■ Required work
What is needed is an exact copy of every entry below, with the pictures left out.

========================================

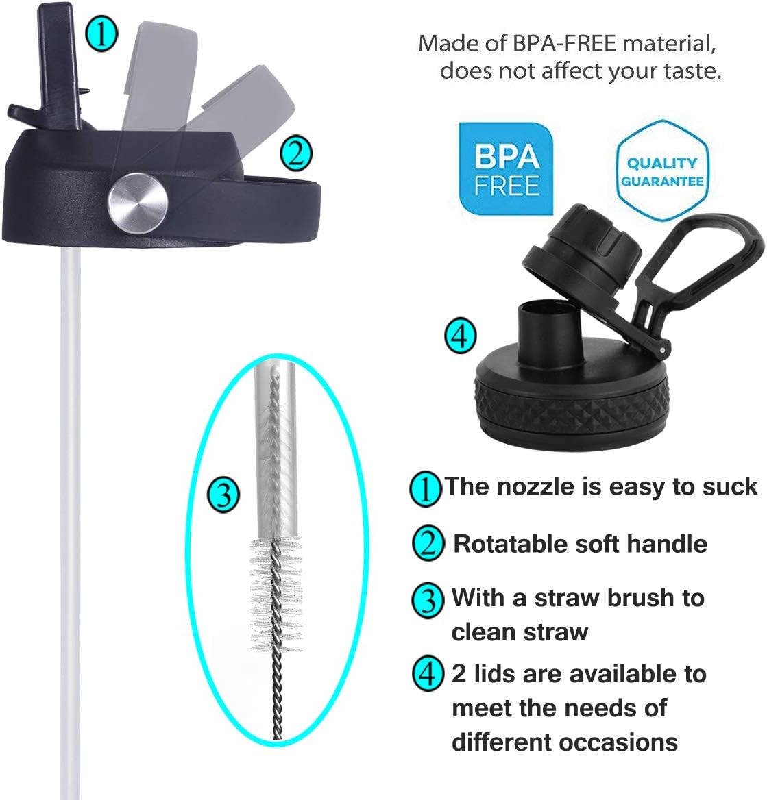 - ❤【2 Lids Available】- The wide mouth makes it easy to clean, and the BPA-free lid. The two lids can be switched at any time - the Spout Lid is perfect for the beach and camping, while the flex straw lid is suitable for cycling and road trips.
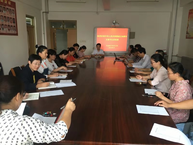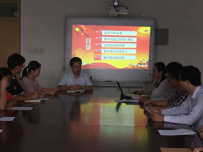 为庆祝中华人民共和国成立70周年,让爱国精神融入每位党员的思想与血液中,并将其作为自己教育事业不懈奋斗的源泉和动力,必赢网址bwi437于9月24日下午在308党员活动室开展主题党课活动,郎德山书记为全体党员做了“热烈庆祝中华人民共和国成立70周年”主题党课。
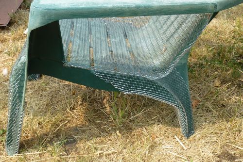 The cement project is a concrete chair: I started with a broken resin “adirondack” chair that Michael kindly reinforced with a little rebar, wire, and epoxy. Then I got to work with expanded metal lath (aka blood mesh). Today, I used a stiffish mortar mix to putty the chair legs, and up along parts of the body to hide the plastic and to make the legs stronger for the increased weight.The chair is under wraps for a few days to allow the mortar to cure before I move it around for the next steps. The plan is to use fabric soaked in high cement mortar stretched out on top of the chair seat & back, laying it over the expanded metal. I may need to put another smoother surface over this, and perhaps I will need to cut the fabric in two pieces to better avoid wrinkles! I will be experimenting a bit more before this step!
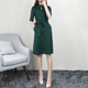 N4039 欧美精品2017春季新款真丝圆领七分袖连衣裙名媛中长款女装
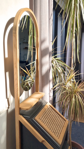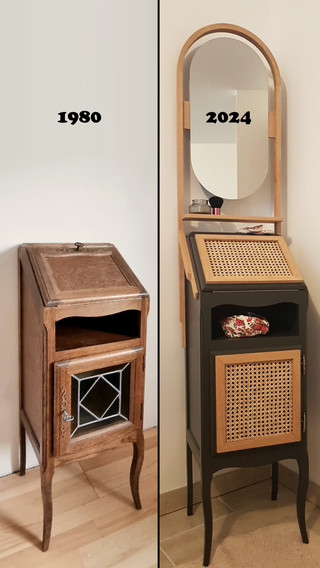 Modernisation d’un meuble de famille pour qu’il trouve sa place dans un intérieur contemporain. Ainsi, cet ancien meuble de téléphone des années 80 s’est transformé en une coiffeuse élancée, avec des courbes et du cannage pour coller aux tendances actuelles. Une démarche durable, respectueuse du travail réalisé par mes prédécesseurs, qui réduit notre impact sur l’environnement.
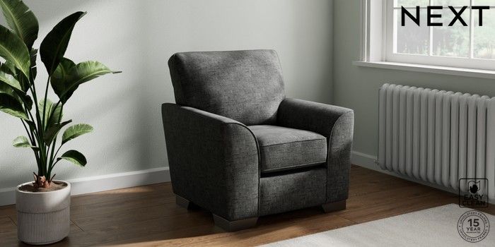 6.12.13 Buy Stamford Small Armchair Boucle Weave Easy Clean Charcoal Grey Square Angle - Gunmetal from the Next UK online shop Click here to use our accessible website

========================================

■ Problem solution
 - ❤【2 Lids Available】- The wide mouth makes it easy to clean, and the BPA-free lid. The two lids can be switched at any time - the Spout Lid is perfect for the beach and camping, while the flex straw lid is suitable for cycling and road trips.
 为庆祝中华人民共和国成立70周年,让爱国精神融入每位党员的思想与血液中,并将其作为自己教育事业不懈奋斗的源泉和动力,必赢网址bwi437于9月24日下午在308党员活动室开展主题党课活动,郎德山书记为全体党员做了“热烈庆祝中华人民共和国成立70周年”主题党课。
 The cement project is a concrete chair: I started with a broken resin “adirondack” chair that Michael kindly reinforced with a little rebar, wire, and epoxy. Then I got to work with expanded metal lath (aka blood mesh). Today, I used a stiffish mortar mix to putty the chair legs, and up along parts of the body to hide the plastic and to make the legs stronger for the increased weight.The chair is under wraps for a few days to allow the mortar to cure before I move it around for the next steps. The plan is to use fabric soaked in high cement mortar stretched out on top of the chair seat & back, laying it over the expanded metal. I may need to put another smoother surface over this, and perhaps I will need to cut the fabric in two pieces to better avoid wrinkles! I will be experimenting a bit more before this step!
 N4039 欧美精品2017春季新款真丝圆领七分袖连衣裙名媛中长款女装
 Modernisation d’un meuble de famille pour qu’il trouve sa place dans un intérieur contemporain. Ainsi, cet ancien meuble de téléphone des années 80 s’est transformé en une coiffeuse élancée, avec des courbes et du cannage pour coller aux tendances actuelles. Une démarche durable, respectueuse du travail réalisé par mes prédécesseurs, qui réduit notre impact sur l’environnement.
 6.12.13 Buy Stamford Small Armchair Boucle Weave Easy Clean Charcoal Grey Square Angle - Gunmetal from the Next UK online shop Click here to use our accessible website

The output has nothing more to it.